KARACHI: Rating agency Moody’s on Tuesday said Pakistan’s very low global competitiveness and diminishing per capita income keep the country’s growth prospects dim.
Moody's Investors Service, in a periodic review of ratings action, said the country’s credit profile reflects its ‘moderate (+)’ economic strength, “which is underpinned by the relatively robust GDP growth potential and large scale of the economy, limited by very low per capita incomes and global competitiveness”.
Moody’s didn’t announce any change in the country’s rating. In December last year, it reaffirmed rating of B3 negative for Pakistan that reflected its high external vulnerability, weak debt affordability, and very low global competitiveness.
The credit rating agency had, however, kept the growth forecast upward at 4.7 percent for the current fiscal year compared with 2.7 to 2.8 percent projected by the International Monetary Fund and the World Bank. The country’s growth scaled back to 3.3 percent in the last fiscal year from a decade-high of 5.5 percent in the preceding fiscal year.
Other key growth obstacle, Moody’s said is very low institutional strength that takes into account very weak scores in the Worldwide Governance Indicators. Yet, greater central bank autonomy has increased monetary policy effectiveness, it added.
The central bank abandoned its soft monetary policy stance in January 2018 and since then it pushed the key benchmark interest rate up by 750 basis points to ease inflationary impact and maneuver overvalued rupee. The policy stance brought the current account deficit down. But, fiscal indiscipline is still posing a challenge to the economy with one of region’s lowest tax-to-GDP ratio.

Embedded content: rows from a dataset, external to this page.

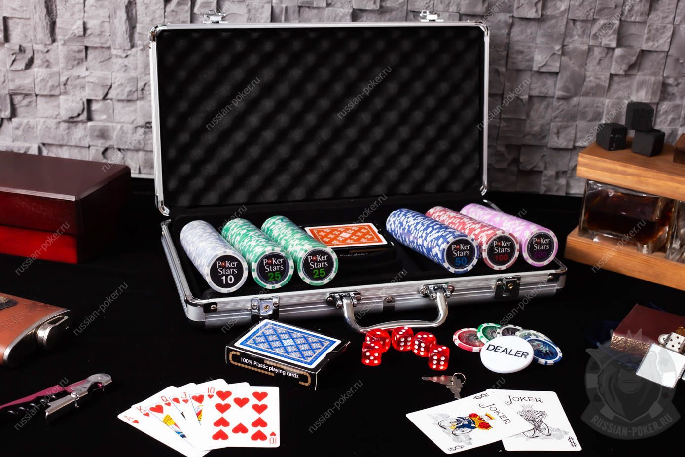 Набор покера Poker Stars на 300 фишек с номиналом, в стальном кейсе с пластиковыми картами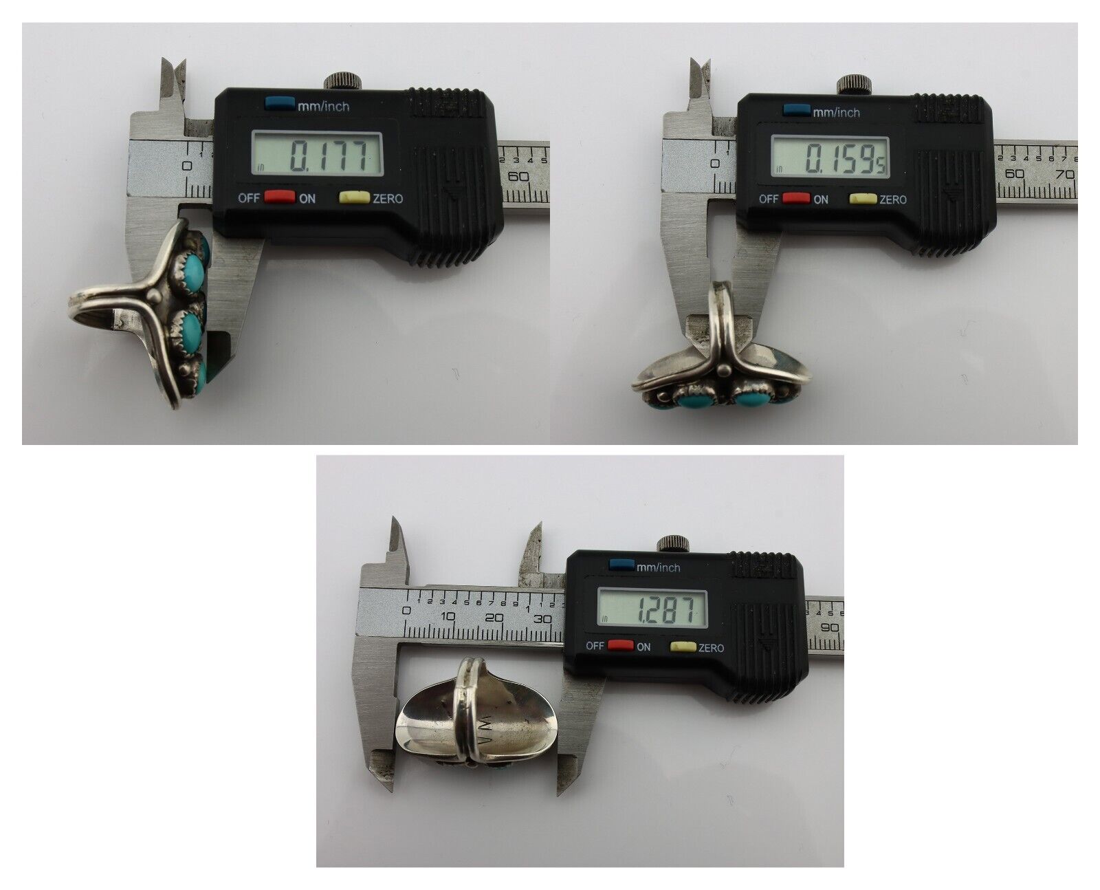 Zuni Ring 925 Silver Sleeping Beauty Turquoise Signed VM C.80's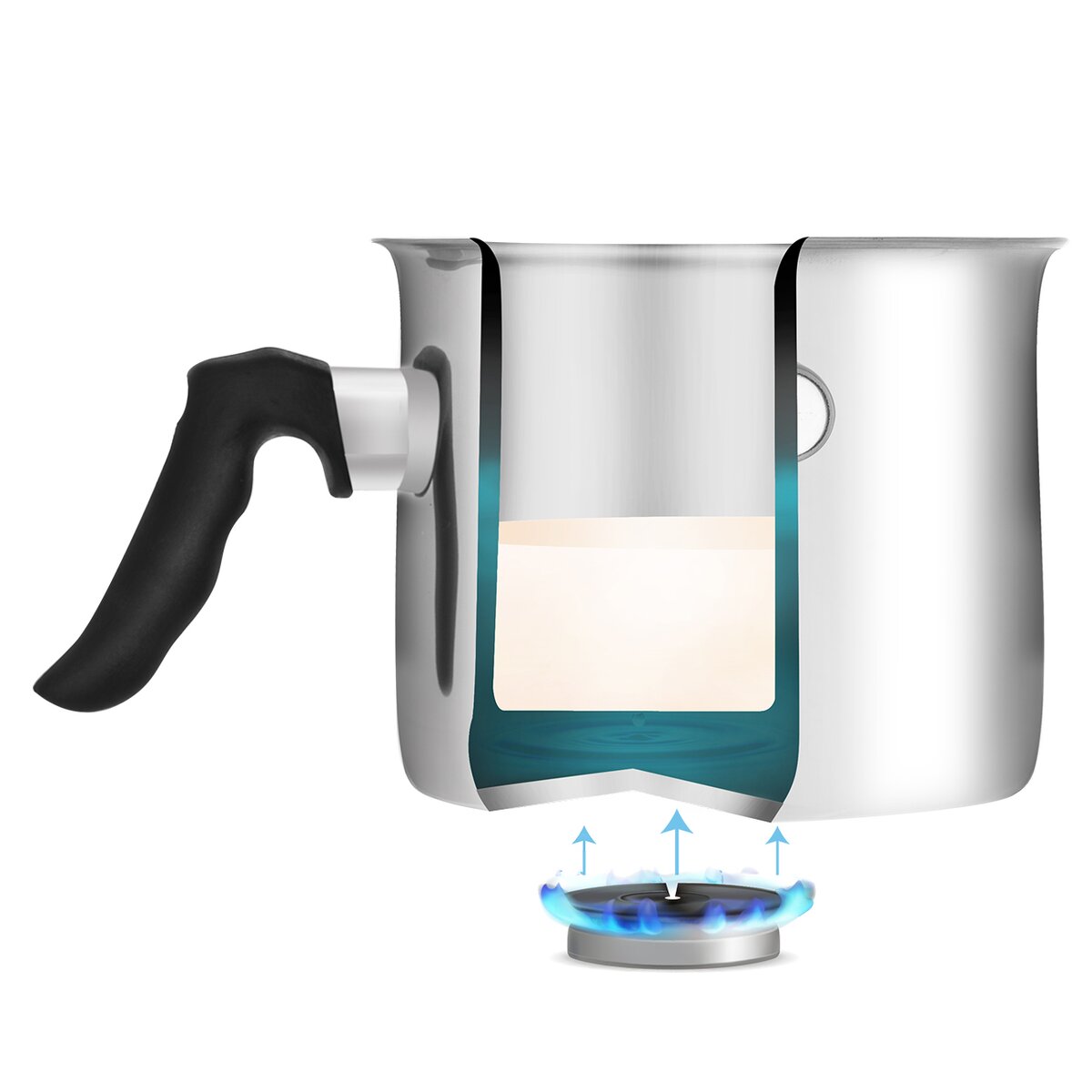 Dvojstenný mliekovar je nádoba z kvalitnej nehrdzavejúcej ocele, medzi jeho steny sa otvorom pod píšťalkou naleje voda, cca 0,3-0,5 l, ktorá vás upozorní na bod varu.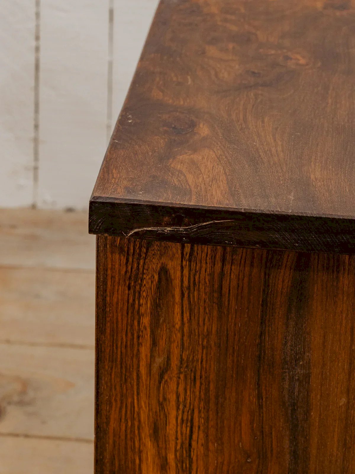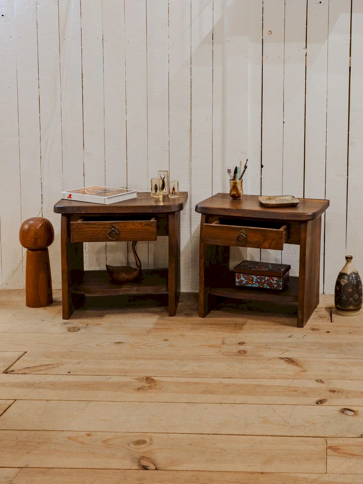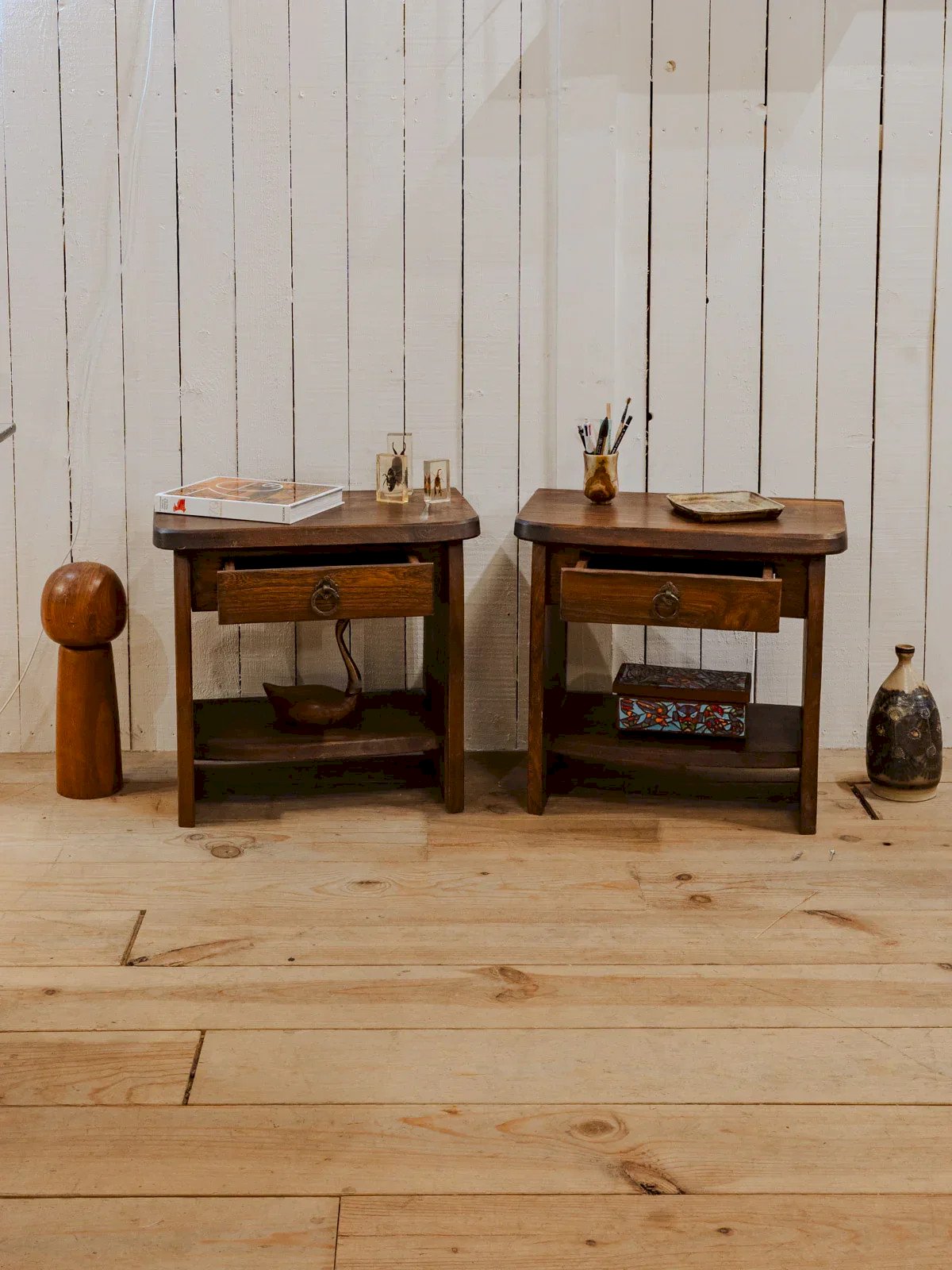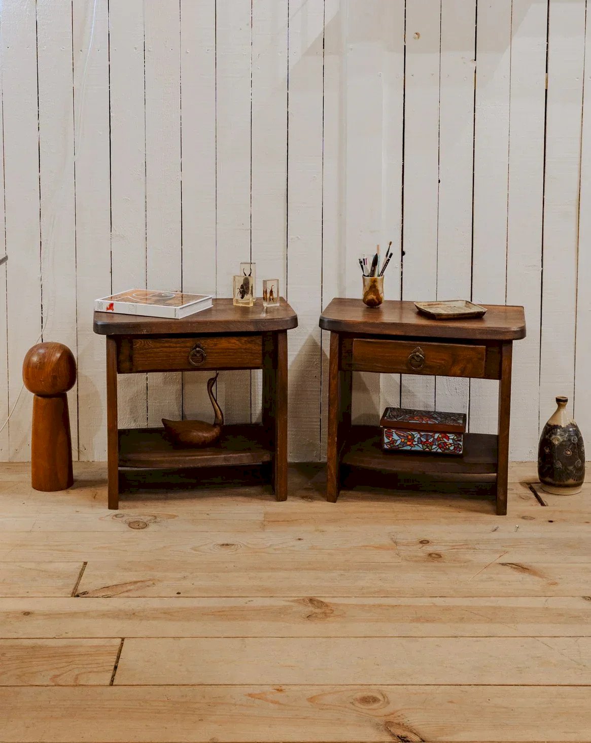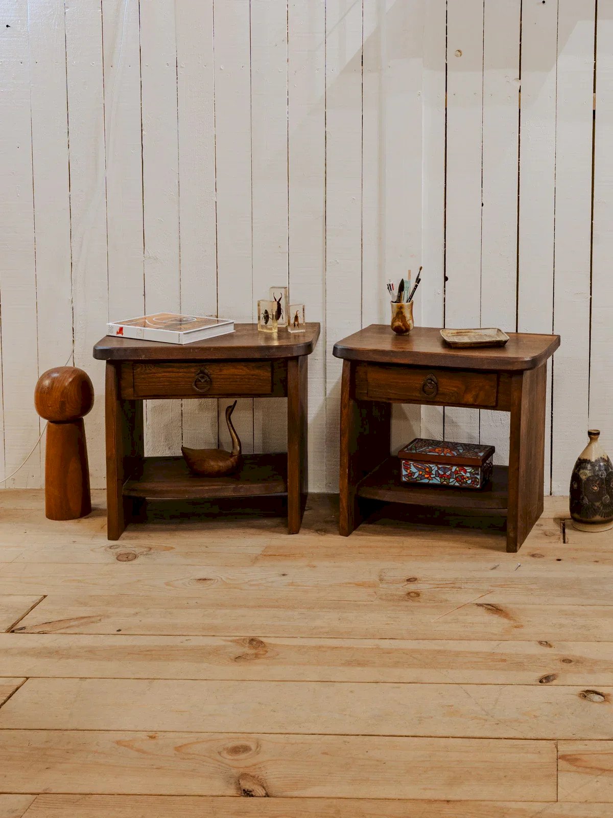 Adopt this pair of wooden bedside tables, with a sober and warm design enhanced by metal handles. Their size and proportions provide a drawer and an under-shelf to keep your books and belongings within reach, perfect for a bedroom with contemporary or classic lines. The finish creates an intimate and elegant ambiance, easy to match with natural textiles. Some signs of wear are present. Length: 55 cm Width: 33 cm Height: 51 cm Drawer height: 5 cm A brief history of the bedside table The term "bedside table" has referred since the Middle Ages to a small piece of furniture placed next to the bed. Originally designed as a support for a lamp or personal items, the bedside table has evolved over time to include drawers and shelves. Essential in the bedroom, it today combines functionality and design, adapting to all interior styles. Condition: Used: Item has been used. Item shows some signs of superficial wear, fully operational and functioning correctly. It may be a display model or an item returned to the store after a short period of use. any imperfections. Brand: Debongout Type: Thrifted product Material: Wood, Metal Style: Country Customized: Bedside tables

“The government's ‘very low (-)’ fiscal strength owing to its very narrow revenue base hinders debt affordability, reduces fiscal flexibility and increases the debt burden given ongoing infrastructure spending needs and rising interest expense,” Moody’s said.
The new government, having completed one year in office, couldn’t bridge gap between revenue and expenditures despite taking several administrative and taxation measures. Fiscal deficit widened to 8.9 percent in FY2019 from 6.6 percent in FY2018.
Tax-to-GDP ratio fell to 11.6 percent in the last fiscal year of 2018/19 from 13 percent a year earlier. Moody’s further warned that there is high susceptibility to event risk driven by heightened external vulnerability, “as external pressures continue to weigh on the country's foreign-exchange reserve adequacy, while political and government liquidity risks remain elevated in Pakistan”.